Although the executed performance analysis showed poor parallel efficiency in higher number of CPU cores, it was necessary to reveal the weaknesses of the developed model in this regard. The weak and strong scaling results and the parallel efficiency graphs clearly indicate that the code can be improved from the performance point of view. Given the current state of HPC for biomedical-related simulations and computational modeling works, even taking 10K CPU cores is not unrealistic. The first part of improvement seems to be related to assembling the linear system, in which the schemes used for numerical integration, the order of elements used for various involved physics, and the method for applying boundary conditions play an essential role. Secondly, the configuration of employed preconditioners and iterative solvers can be modified for individual components according to the numerical computing requirements, which can affect their scaling behavior (Fig. 10.9). Thirdly, the load balancing issues caused by the mathematical problem formulation, in which the system has nothing to solve in regions still in the solid block, seem to contribute to the poor parallel performance. This can be improved by revising the mathematical and computational problem definition from the load-balancing perspective. However, making a more tangible conclusion on the performance bottlenecks of the developed model requires further analysis of the results for the parallel speedup, similar to the analysis performed in Chapter 7 and [30]. Furthermore, it should be taken into account that such performance analysis has an inherent simplification of more complex technical aspects affecting the simulation execution time, such as load balancing, network communication, and per-node limitations in memory access, which may differ in each HPC environment due to the configurations made by the system maintainers.
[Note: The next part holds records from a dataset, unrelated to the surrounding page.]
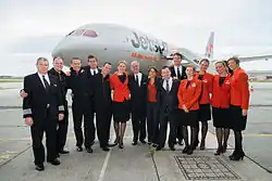 - Бортпроводник (англ. Flight attendant) — это член экипажа, отвечающий за безопасность пассажиров[17]. Исторически сложилось так, что в раннюю эру коммерческой авиации на эту должность работали молодые «юнги», которые помогали пассажирам. Бортпроводников заменили медсёстры-женщины, которых первоначально называли «стюардессами». Требование о медицинском образовании для должности бортпроводника позже было снято[17].
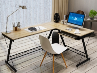 Wenn Sie einen separaten Arbeitsplatz in Ihrem persönlichen Konto ausstatten möchten, aber es hat eine kleine Fläche, dann ist es besser, ein L-förmiges Eckmodell aus Holz zu installieren. Es ist funktionell in der Ecke und nimmt gleichzeitig etwas Platz gegenüber dem ganzen Raum ein. Aber wenn Sie einen solchen Tisch in einer Einzimmerwohnung installieren, dann versuchen Sie, sehr kompakte Modelle zu kaufen, die mehrere Funktionen gleichzeitig kombinieren.So können Sie Modelle auf Rädern oder bequeme modulare Tische mit einem Überbau bevorzugen. Es ist besser, wenn dieses Produkt mit einem Regal, mit Schubladen oder mit Regalen sein wird. Eine solche Füllung ermöglicht es, den Arbeitsplatz auszustatten und ihn funktioneller und bequemer zu machen.
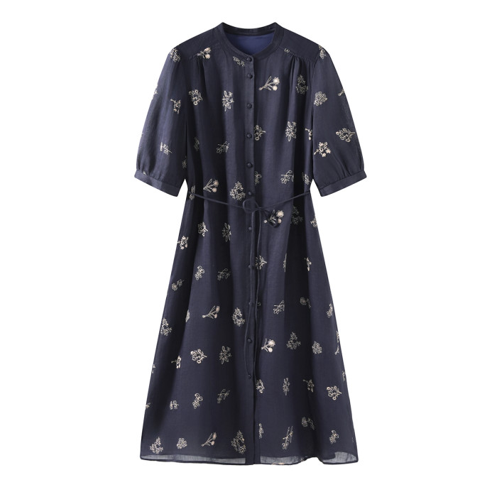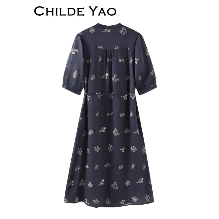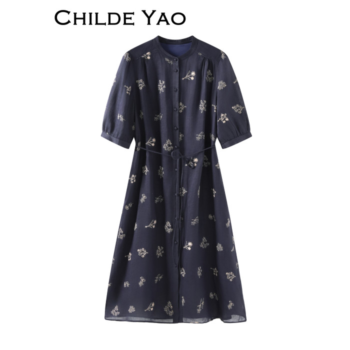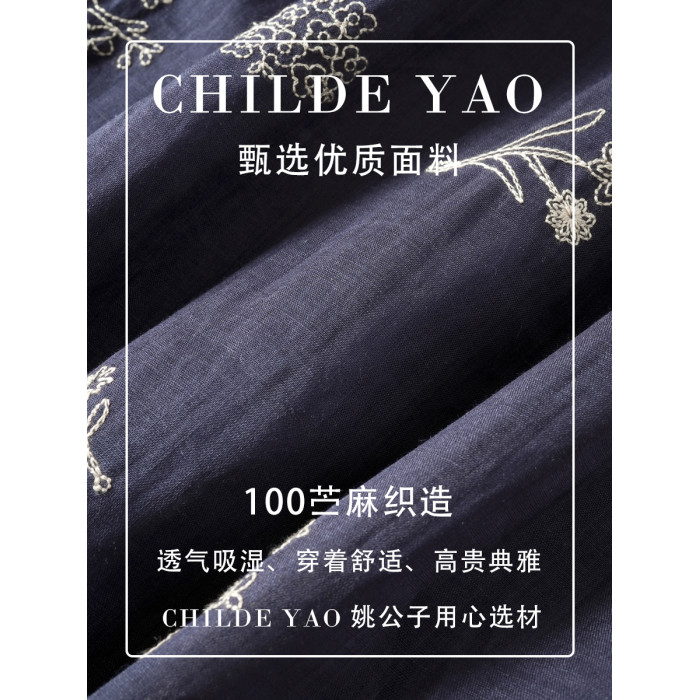 Childe Yao天然苧麻連衣裙女高級2025夏季新款刺綉輕奢高級感裙子
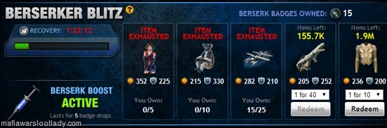 Even though the top 3 items of the Berserker Blitz event have been exhausted, Zynga is hoping that the fighters will take advantage of the Berserk Boost which costs 2 reward points and lasts until 5 Berserk Badges drop. Below is an outline of how this boost works.
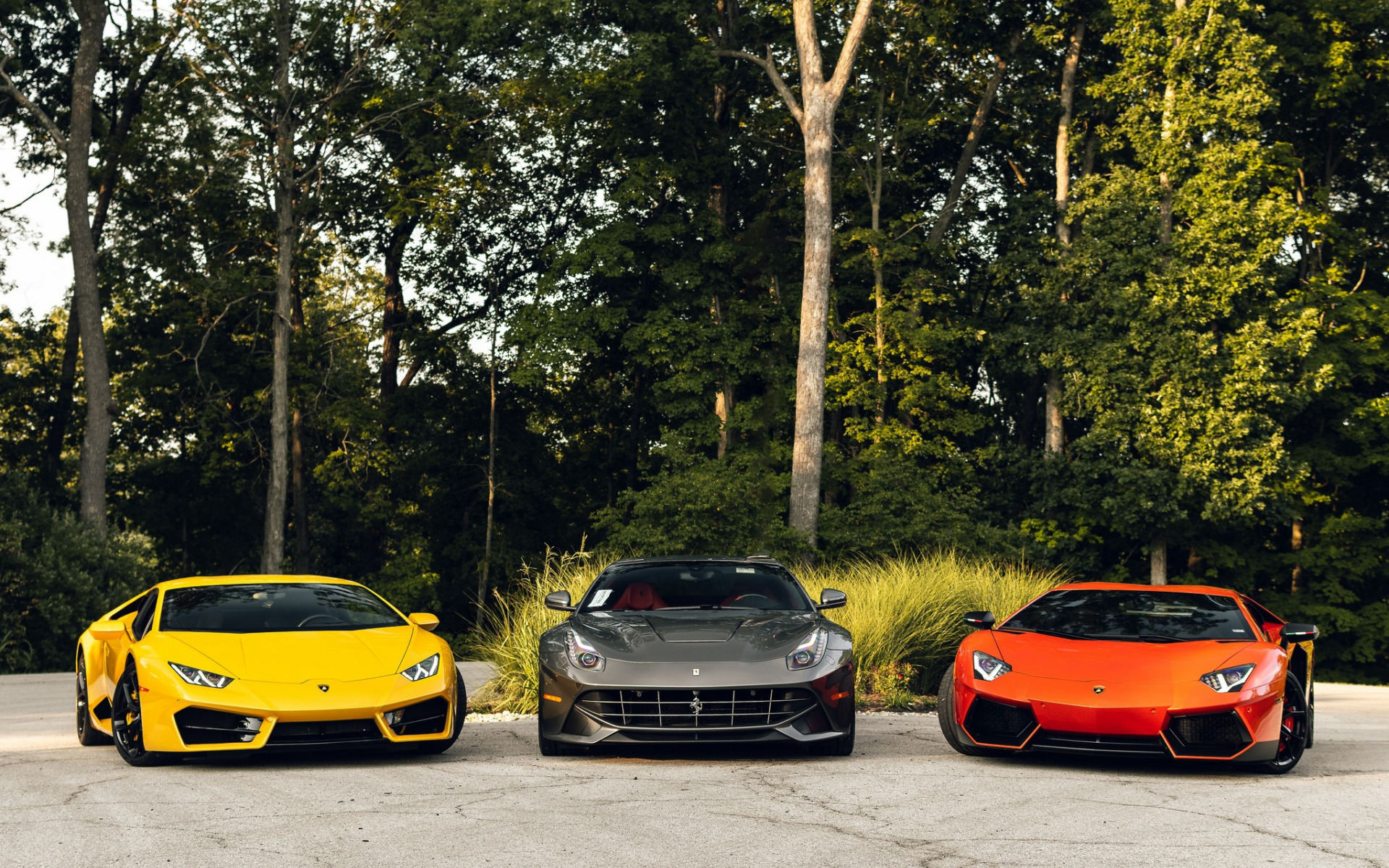Description: Three different colored sports cars parked in a parking lot next to trees and bushes.
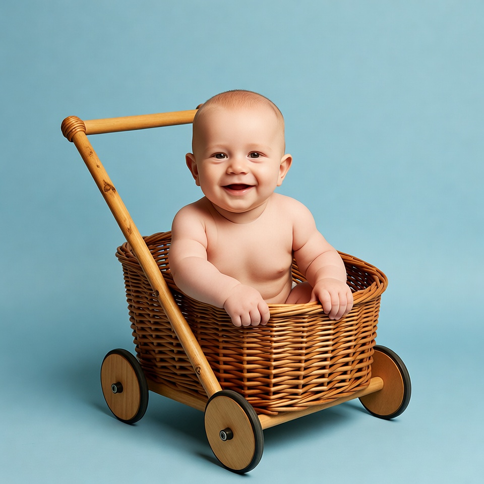 A happy baby with light hair sits naked in a wooden wicker baby walker on a blue background. The baby grips the handlebars and smiles broadly at the camera. The walker has wheels and a basket-like seat.

Weak and strong scaling of the computational biodegradation model of the acetabular implant, plotted for the total time needed to solve all the equations in a single time step.
Figure 10.10: Weak and strong scaling of the computational biodegradation model of the acetabular implant, plotted for the total time needed to solve all the equations in a single time step.
Parallel efficiency calculated from the strong scaling results of the computational biodegradation model of the acetabular implant, plotted separately for the small, medium and big models.
Figure 10.11: Parallel efficiency calculated from the strong scaling results of the computational biodegradation model of the acetabular implant, plotted separately for the small, medium and big models.

10.4 Conclusions

In this work, taking advantage of HPC techniques to simulate a large-scale 3D model led to a computational model capable of predicting the biodegradation behavior of an acetabular implant in high resolution. Results demonstrate the potential of the model to act as a tool for assessing and tuning the biodegradation properties of orthopedic implants regardless of shape or complexity.

Acknowledgments

The results of the research presented in this chapter were obtained during a research visit to the Computational Science Lab at the University of Amsterdam, funded and supported by FWO long research stay grant V408622N. The computational resources and services used in this work were provided by SURF (www.surf.nl) using the Dutch National Supercomputer Snellius. The visualization works used the ARCHER2 UK National Supercomputing Service (www.archer2.ac.uk).